Quelle est donc cette étrangeté et pourquoi parler de cela au milieu d’un article sur les magasins de cycles? Quasi inexistant aujourd’hui (même si quelques projets sont en cours***) le hub vélo est pour moi le point de rassemblement des professionnels circulant essentiellement à vélo. Tout comme il y a une vingtaine d’années, le petit bouclard (magasin de cycle en ville) était un peu le café du coin où tous les adeptes de cyclisme se rassemblaient, le hub vélo serait son penchant pour les pros. A la fois atelier, centre d’auto-réparation, petit magasin d’accessoires, espace coworking. Le hub vélo serait là pour faciliter la vie des professionnels qui ont choisi le vélo pour remplacer leur véhicule carboné. Lieu de vie essentiel dédié aux pros qui a toute sa place dans notre cyclo-système, c’est un levier significatif si l’on souhaite également accompagner les professionnels dans leur report modal. Pour atteindre les 12% nous aurons largement besoin de l’effort des pros.
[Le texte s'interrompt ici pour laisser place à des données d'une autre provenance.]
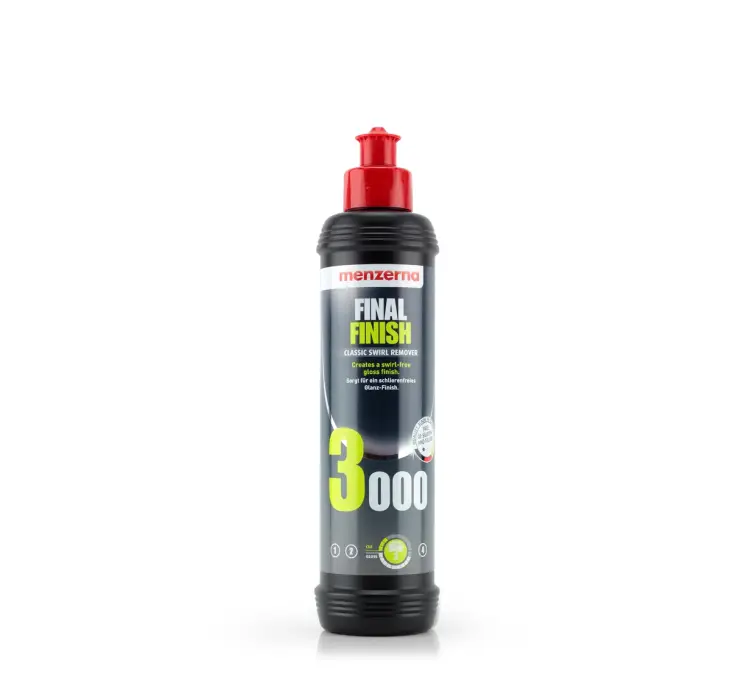 Menzerna Final Finish 3000 contains fine abrasives to remove slight marks and to burnish the paintwork to a high gloss. For best results use on a finishing pad with a machine polisher on a medium speed. With minimal residue left over from working it there is less chance of introducing marks back into the paintwork from over buffing.

L’offre dédiée aux professionnels mérite à elle seule un article bien plus complet, j’y reviendrai prochainement sur le site.
Pour résumer, les magasins de cycles doivent se réinventer, repenser complètement leur manière d’ouvrir des magasins, de vendre des vélos, de proposer du service. Le marché du vélo doit se débarrasser de l’héritage encombrant des magasins de cycles sport et loisirs. L’écosystème vélo doit complètement être repensé sur son mode de distribution, sur l’offre de service, sur la manière d’aborder les nouvelles pratiques liées à la mobilité, sur l’accessibilité des utilisateurs du quotidien. Il ne suffit pas de vendre des vélos pour rendre un pays accro au vélo, il faut revoir l’ensemble du cycle de vie de celui-ci, recréer de la proximité, du service, miser sur le reconditionnement, le prolongement de sa durée de vie avec pour finalité de rendre attractif la mobilité à vélo pour tous, particulier comme professionnel.
Cette réflexion amène son lot de nouvelles questions : est-ce vraiment aux vélocistes d’entamer cette mutation ? Les collectivités peuvent-elles apporter leur soutien ? La formation peut-elle accompagner ce mouvement ?
Je n’ai actuellement pas les réponses à ces questions, il est peut-être temps de commencer à y réfléchir… mais plus tard, j’ai mon vélo à réparer…
Sources
* notre-environnement.gouv.fr – 10 millions de vélos achetés en 5 ans pour 700000 utilisés au quotidien, où sont passés tous les autres ??
** Union Sport et Cycle. Sur 659000 vélos à assistance électrique vendus en 2021, 499000 sont dédiés à la mobilité.